Fragmented workflows kill iteration speed. Training a model in one environment and serving it in another creates massive friction. With The Inference Fabric, the gap between a trained checkpoint and a live production endpoint is zero.
A new checkpoint becomes a live deployment in seconds via WeightSyncer—you can test 10 different model versions in the time it would take just to provision a DIY cluster. Training and inference happen in the exact same place, so there's no exporting data, no migrating models, no messing with format conversions. And because we give you CUDA-level correctness guarantees, what you train is exactly what you deploy. No surprises. Finally, if you are an early-stage startup and can’t saturate a full node with a single LoRA, we support Multi-Lora deployments so that you can seamlessly scale up from experimentation to production across your PMF journey.
Three myths keep teams stuck on closed models:
Let's now dispel each of these three myths. We've been tirelessly working with some of the most advanced AI teams in the world to push open models past the capabilities of closed-source alternatives across three key methodologies: Reinforcement Learning (RL), Supervised Fine-Tuning (SFT), and Direct Preference Optimization (DPO).
SFT is great for formatting, but it hits a ceiling when you need a model to reason through multi-step problems, use tools reliably, or correct its own mistakes mid-execution. That's where Reinforcement Learning comes in, and it's where we've invested the most deeply.
Vercel used our RL infrastructure to build a custom "Auto Fix" model for v0, their code generation product. They needed a model that could constantly check the output stream for errors mid-flight and self-correct without a second pass. By applying RL on Fireworks, Vercel achieved a 93.87% error-free generation rate, significantly outperforming closed frontier models. Even better, they saw a 40X improvement in end-to-end latency compared to proprietary alternatives, processing over 8,000 characters per second.
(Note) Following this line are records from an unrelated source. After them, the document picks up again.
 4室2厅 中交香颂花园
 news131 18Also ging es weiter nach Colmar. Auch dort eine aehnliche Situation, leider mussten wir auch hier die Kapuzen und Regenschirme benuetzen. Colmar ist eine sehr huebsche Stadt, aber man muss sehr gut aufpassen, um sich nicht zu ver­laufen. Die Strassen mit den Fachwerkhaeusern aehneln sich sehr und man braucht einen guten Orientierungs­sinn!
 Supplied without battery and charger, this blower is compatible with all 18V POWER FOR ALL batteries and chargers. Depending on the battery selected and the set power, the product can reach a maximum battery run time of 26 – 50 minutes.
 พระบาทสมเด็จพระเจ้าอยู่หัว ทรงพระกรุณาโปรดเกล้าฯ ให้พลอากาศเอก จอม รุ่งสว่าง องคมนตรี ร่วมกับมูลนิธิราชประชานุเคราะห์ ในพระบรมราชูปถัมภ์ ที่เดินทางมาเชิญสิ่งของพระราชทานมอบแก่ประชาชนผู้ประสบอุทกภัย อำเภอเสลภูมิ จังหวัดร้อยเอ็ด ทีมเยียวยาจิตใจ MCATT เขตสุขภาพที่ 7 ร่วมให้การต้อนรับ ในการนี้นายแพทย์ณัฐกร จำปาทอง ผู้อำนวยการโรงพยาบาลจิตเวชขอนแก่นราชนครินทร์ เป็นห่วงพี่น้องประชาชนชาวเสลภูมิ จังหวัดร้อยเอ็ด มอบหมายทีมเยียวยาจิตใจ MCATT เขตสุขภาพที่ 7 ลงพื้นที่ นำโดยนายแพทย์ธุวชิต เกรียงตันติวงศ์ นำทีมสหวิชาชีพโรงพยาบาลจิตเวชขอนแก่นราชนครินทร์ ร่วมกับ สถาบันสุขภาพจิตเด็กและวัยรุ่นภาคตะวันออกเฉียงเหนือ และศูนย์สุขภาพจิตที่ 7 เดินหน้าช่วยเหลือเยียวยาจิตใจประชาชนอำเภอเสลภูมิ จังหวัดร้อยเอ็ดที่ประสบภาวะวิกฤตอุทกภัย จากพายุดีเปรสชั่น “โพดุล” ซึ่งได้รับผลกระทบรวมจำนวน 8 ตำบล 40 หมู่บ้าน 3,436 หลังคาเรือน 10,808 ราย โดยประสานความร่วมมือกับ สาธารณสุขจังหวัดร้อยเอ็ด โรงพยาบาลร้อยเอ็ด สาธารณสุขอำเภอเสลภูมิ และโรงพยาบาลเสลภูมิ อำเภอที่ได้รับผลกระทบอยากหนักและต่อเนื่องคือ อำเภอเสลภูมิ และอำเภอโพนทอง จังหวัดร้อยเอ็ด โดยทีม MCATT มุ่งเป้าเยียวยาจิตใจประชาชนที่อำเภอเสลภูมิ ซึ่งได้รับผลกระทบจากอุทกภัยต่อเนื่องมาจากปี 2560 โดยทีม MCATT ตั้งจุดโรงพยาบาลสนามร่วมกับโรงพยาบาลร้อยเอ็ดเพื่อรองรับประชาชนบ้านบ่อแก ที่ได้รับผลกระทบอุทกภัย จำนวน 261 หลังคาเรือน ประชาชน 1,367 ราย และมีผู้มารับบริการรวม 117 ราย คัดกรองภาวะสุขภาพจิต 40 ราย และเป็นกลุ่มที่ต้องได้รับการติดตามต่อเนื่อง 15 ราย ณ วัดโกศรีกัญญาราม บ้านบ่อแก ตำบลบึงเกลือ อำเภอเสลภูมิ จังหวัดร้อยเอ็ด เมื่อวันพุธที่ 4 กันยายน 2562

"Using a fine-tuned reinforcement learning model with Fireworks, we perform substantially better than SOTA. In our evaluation, Sonnet 3.5 compiled at 62%, and we got our error-free generation rate well into the 90s." — Malte Ubl, CTO at Vercel
Genspark partnered with us to apply RL to Kimi K2, a 1 trillion parameter open-source model, for their deep research agents. Their agents need to conduct multi-source investigations and make complex, chained tool calls, the kind of behavior that prompt engineering alone simply can't teach. The RL-tuned model unlocked a 33% increase in tool calls (averaging 5 vs. 3.74) and pushed the reward quality score from 0.76 to 0.82, surpassing the state-of-the-art closed model at 50% lower cost.
"It performed comparably to SOTA closed source models in detailed human evaluations. It uses tools more frequently and skillfully, which we are excited to see."
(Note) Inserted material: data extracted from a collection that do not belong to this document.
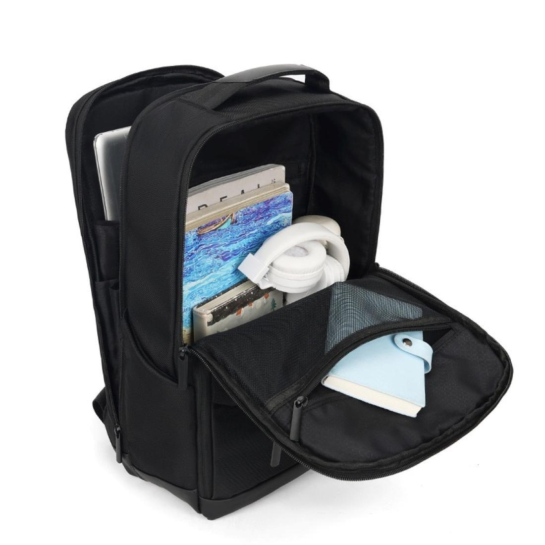 Дополнительное отделение-органайзер, в котором предусмотрены отдельные карманы для планшета, смартфона, павербанка и канцелярии. Также внутри есть дополнительный сетчатый карман на молнии для мелочей.
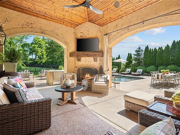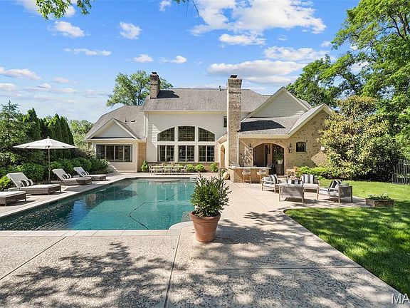 Welcome to 611 Hickory Lane, a resort-style estate in coveted Frontenac, located within the highly sought-after Kirkwood School District. Offering 7,000+ sq ft of beautifully appointed living space, this 11-year-young home is the perfect blend of timeless luxury, modern functionality, & refined comfort. Just off the expansive chef’s kitchen, the cozy yet stunning family rm features a fireplace and wood-beamed ceilings, creating an inviting space for everyday living. The kitchen also opens to a formal dining rm, which flows effortlessly into a sophisticated hearth room—designed for seamless entertaining & connected living. Upon entry, a richly appointed private office & a moody, gorgeously decorated den offer elegant spaces for work or relaxation. The main floor primary suite is a luxurious retreat, w oversized windows & an en-suite bathroom that evokes a five-star spa experience. The lower level continues the elevated living experience with a full wet bar, guest suite, and multiple recreation areas perfect for entertaining or unwinding. Outside, your private resort awaits—with a sparkling pool, built-in grill, wood-burning fireplace, and lushly landscaped lounge areas designed for unforgettable gatherings. Beyond the fenced yard, a peaceful stretch of private land includes a charming chicken coop & its beloved resident, Ethel the hen. A three-car garage & newer, meticulously maintained systems complete this extraordinary property—where luxury, comfort, & character converge.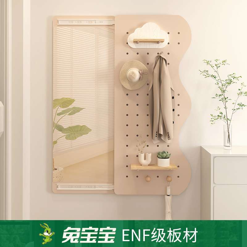 洞洞板穿衣镜推拉镜子全身镜入户玄关隐藏试衣镜壁挂可遮挡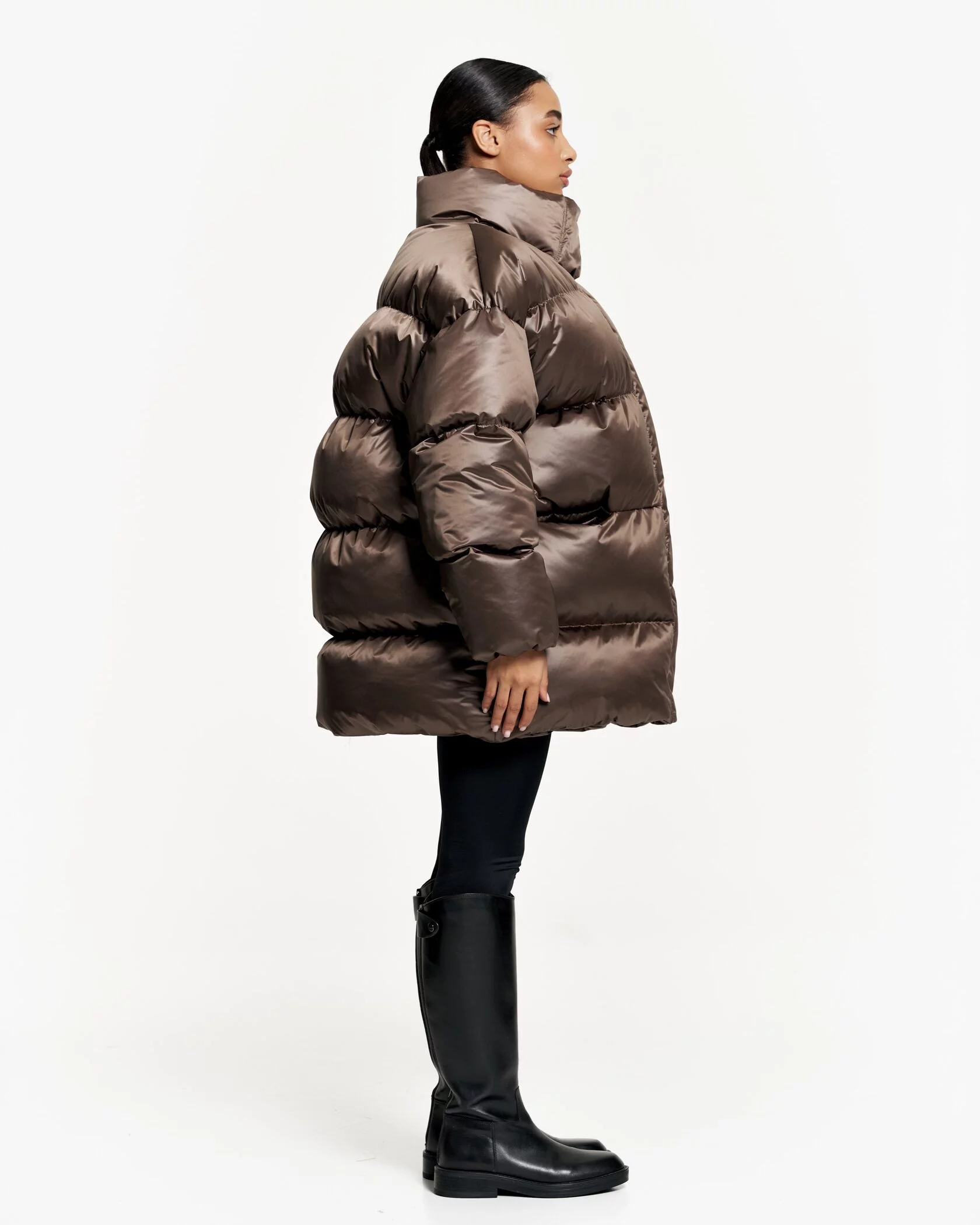 Высокий воротник-стойка, который защищает от ветра и создает лаконичный силуэт.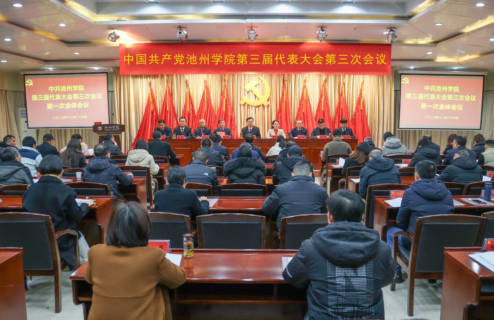 大会强调,2024年是中华人民共和国成立75周年,是全面完成“十四五”规划目标任务的关键一年。全校各级党组织、各单位、各部门要进一步统一思想认识,迅速学习宣传贯彻党代会年会精神,要进一步加强研究谋划,强化统筹协调,认真做好任务分解,雷厉风行抓落实。全体党员领导干部要充分发挥模范带头作用,进一步强化责任担当,以前所未有的奋斗姿态为学校高质量发展作贡献,励精图治,以大作为成就大事业,以真业绩彰显政治品格和人生价值。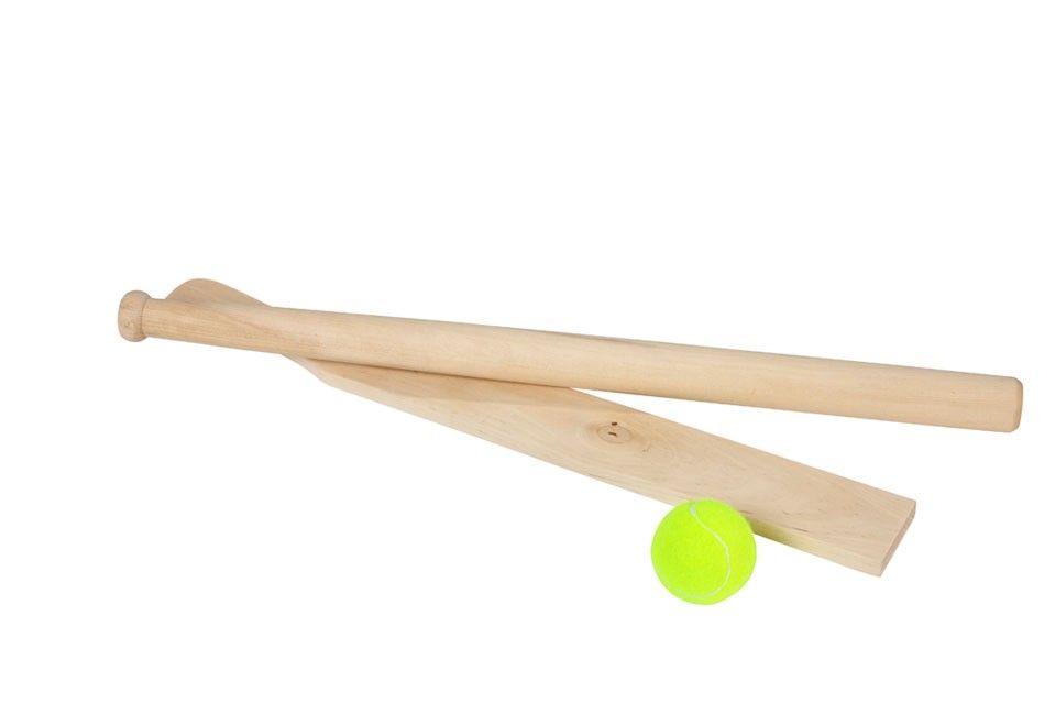 Sæt med et rundt bat og et fladt bat samt en bold. Kommer i pose, så det kan holdes samlet.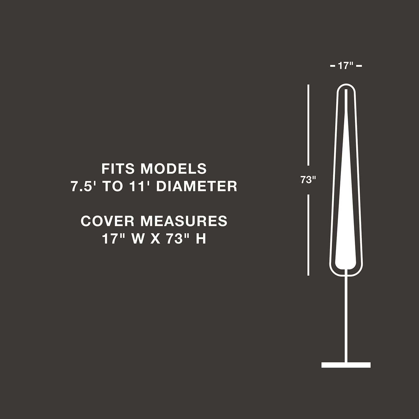 Q: What sizes of patio umbrellas does the True Guard cover fit?A: The True Guard Patio Umbrella Cover is designed to fit most patio umbrellas ranging from 7.5 feet to 11 feet in diameter.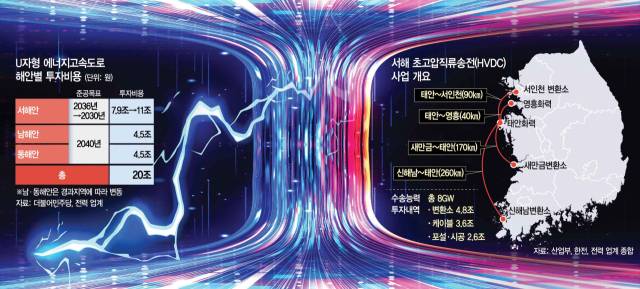 28일 서울경제신문이 입수한 ‘대한민국 신성장 동력 확보 정책 제안서’에 따르면 수송 능력 총 8GW 규모의 ‘서해 남북 종단 초고압직류송전(HVDC)’ 사업의 투자 금액은 11조 원 규모로 추정됐다. 이는 2년 전인 2023년 산업통상자원부와 한전이 예상한 7조 9000억 원보다 39.2% 증가한 규모다. 글로벌 전력 수급난에 변환기 등 핵심 기자재가 품귀 현상을 빚으면서 건설 비용이 급등한 영향이다. 아직 경과지가 확정되지 않은 남해안과 동해안 에너지 고속도로는 투자액의 변동 가능성이 크지만 각각 최소 4조 5000억 원을 투입해야 하는 것으로 추산됐다. 이 제안서는 국내 전력 업계가 민주당에 직접 전달한 정책 보고서다.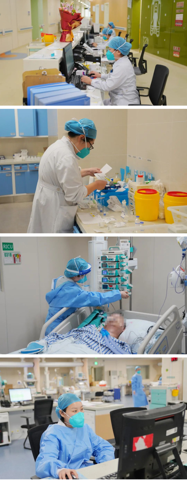 所有危重症患者集中收治,统一管理,节省资源。各幢住院楼病房进行合并和改造,各科诊疗组结对组合,共同收治新冠患者。大部分病区病床满员,医生、护士高效工作。

— Flame Zhou, Research Engineer at Genspark
"Fireworks enabled us to own our AI journey, and unlock better quality in just four weeks."
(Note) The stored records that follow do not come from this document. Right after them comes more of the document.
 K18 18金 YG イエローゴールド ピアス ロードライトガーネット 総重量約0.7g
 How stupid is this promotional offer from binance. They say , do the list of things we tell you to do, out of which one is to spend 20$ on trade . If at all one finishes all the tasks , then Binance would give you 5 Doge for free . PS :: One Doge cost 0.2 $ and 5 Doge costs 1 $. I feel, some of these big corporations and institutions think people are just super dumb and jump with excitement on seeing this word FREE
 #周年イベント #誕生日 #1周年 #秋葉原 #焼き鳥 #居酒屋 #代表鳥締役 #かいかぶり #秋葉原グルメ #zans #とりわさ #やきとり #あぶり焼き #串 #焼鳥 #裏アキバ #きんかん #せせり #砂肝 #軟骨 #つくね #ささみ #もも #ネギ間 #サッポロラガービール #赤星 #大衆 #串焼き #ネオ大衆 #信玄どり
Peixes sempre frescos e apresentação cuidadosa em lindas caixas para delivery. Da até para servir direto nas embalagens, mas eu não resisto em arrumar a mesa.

— Kay Zhu, CTO at Genspark
And then there's Cursor. When the team behind Composer 2 needed to run RL rollouts at scale, they needed inference infrastructure that could flex dynamically between training and production traffic. Fireworks ran the RL inference for Cursor's Composer 2 training across 3–4 clusters worldwide, using our Virtual Cloud capacity to elastically share compute between RL rollouts and live production traffic.
"Our RL inference scales elastically and globally because of it. When we have low prod traffic we scale up RL, when we have high prod traffic, we scale down RL."
— Federico, Research at Cursor
This is the flywheel working in practice. Training and inference on the same infrastructure, sharing capacity dynamically, with no idle GPUs and no separate serving stack to manage. Cursor's team didn't need to build a bespoke distributed environment—they just used Fireworks.
You don't need a massive labeled dataset—your production traffic is your most valuable asset. With automated evals (using LLMs as judges), real user interactions become your training signal. Set up the flywheel once, and your model compounds in value every time a new base model drops.
Better model → Better product → More users → More data → Better model.
RL gets the headlines, but most teams start here and the gains are immediate. A fine-tuned open model, trained on your data, beats a generic closed model on your specific task. Every time.
| Task | Model | F1 Score / Accuracy | Notes |
|---|---|---|---|
| Customer Support | Fine-tuned Qwen3 8B | 76.38% | Beats leading closed model (69.40%) |
| Customer Operations | Fine-tuned Qwen3 30B | 91.71% | Nearly a 10-point gap over baseline |
| Ticket Routing | Fine-tuned Qwen3 30B | 80.91% | Beats Claude Haiku (61.47%) and Gemini Flash (71.93%). Zero invalid outputs vs 15% for Haiku. 2.5–20X faster. |
SFT teaches a model what to say. DPO teaches it what not to say; that distinction matters enormously in production. For models that need to reason over structured data, make compliance judgments, or align tightly with domain-specific preferences, Direct Preference Optimization is what closes the gap between a capable model and a trustworthy one.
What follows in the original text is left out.